IndiGrid’s First Greenfield Project to Evacuate 1 GW Renewable Energy in Maharashtra

Power sector infrastructure investment trust IndiGrid has operationalized its first greenfield project, Kallam Transmission, in Beed, Maharashtra. The project will evacuate 1 GW of power from renewable energy projects in the state’s Dharashiv area.

The project consists of one substation of 2 x 500 MVA capacity with 400/220 kV voltage and ten bays with a line-in line-out (LILO) circuit line of 18 kilometers.

Developed on a build-own-operate-maintain (BOOM) basis for 35 years, the project received approval for energization in February this year. The company claims this will improve the grid availability for evacuation and integration of renewable energy.

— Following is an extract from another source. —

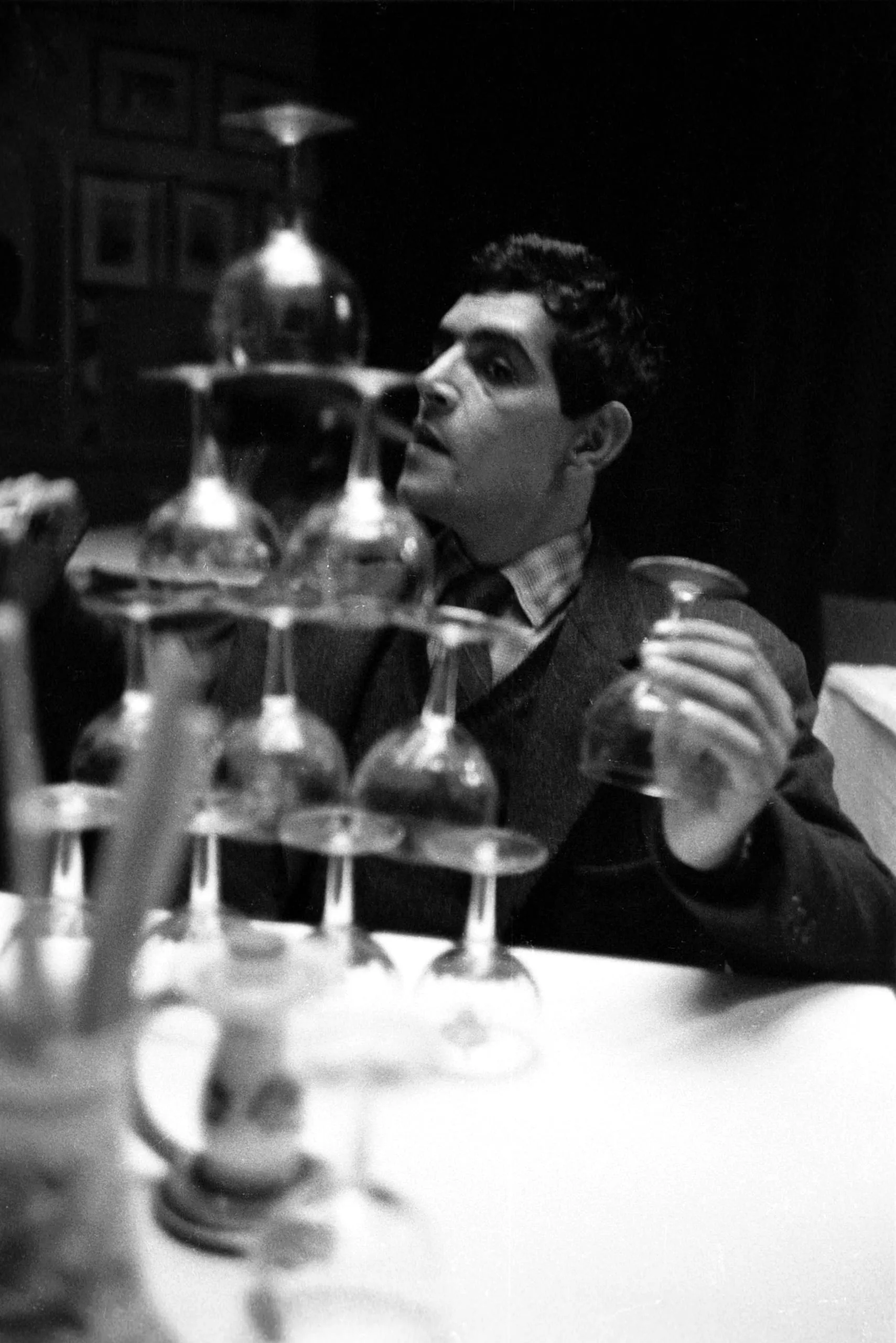 Black and white photograph of a young man holding a wine glass beside a pyramid of stacked stemware on a white-draped table, head tilted back, dramatically lit from above

“We are delighted to commence the operation of KTL, which is our first foray into the greenfield transmission space. We have built sizable execution expertise, which enables us to participate in the substantial transmission bidding pipeline on the TBCB route. As IndiGrid gears to enter more greenfield opportunities, this project has equipped us with valuable learnings and positions us well for further wins,” said Harsh Shah, IndiGrid CEO.

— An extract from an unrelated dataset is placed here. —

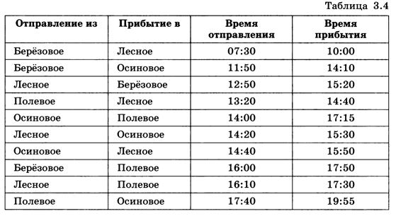 Рассмотрим задачу, которая требует анализа табличных данных: определение оптимального (самого лучшего) маршрута поездки. Задача. Путешественник прибыл в посёлок Берёзовое в 8 утра по местному времени и увидел следующее расписание автобусов (табл. 3.4).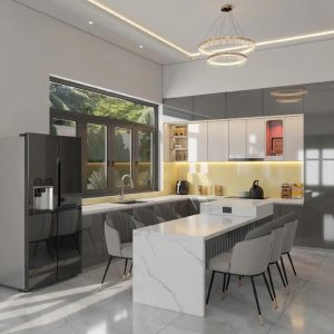 Phòng Khách “Gió Mây Hiện Đại” – Tông Xám Trắng & Đá Vân Mềm

IndiGrid has secured five more greenfield projects in Maharashtra, New Delhi, Gujarat, and Madhya Pradesh.

The company owns 37 power projects, consisting of 46 transmission lines spanning ~8,468 km in length, 13 substations with ~17,550 MVA transformation capacity, and ~855 MWAC (~1.1 GW) of solar generation capacity.

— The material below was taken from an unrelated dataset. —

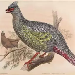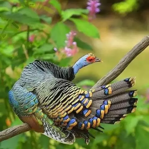 血雉雉科血雉属鸟类,别名血鸡、松花鸡,血雉的雄鸟大覆羽、尾下覆羽、尾上覆羽、脚、头侧、腊膜为红色,…

This project also aligns with IndiGrid’s efforts to contribute to India’s renewable energy transition and enable the evacuation of at least 2 GW of renewable energy.

Last month, IndiGrid won an auction to set up projects of 250 MW/500 MWh standalone battery energy storage systems in Gujarat. The company secured a 180 MW/360 MWh capacity at a tariff of ₹449,996 (~$5,436)/MW/month.

In January, IndiGrid signed a share purchase agreement to acquire ReNew’s 300 MW solar project in Rajasthan at an enterprise valuation of ₹15.5 billion (~$186.5 million).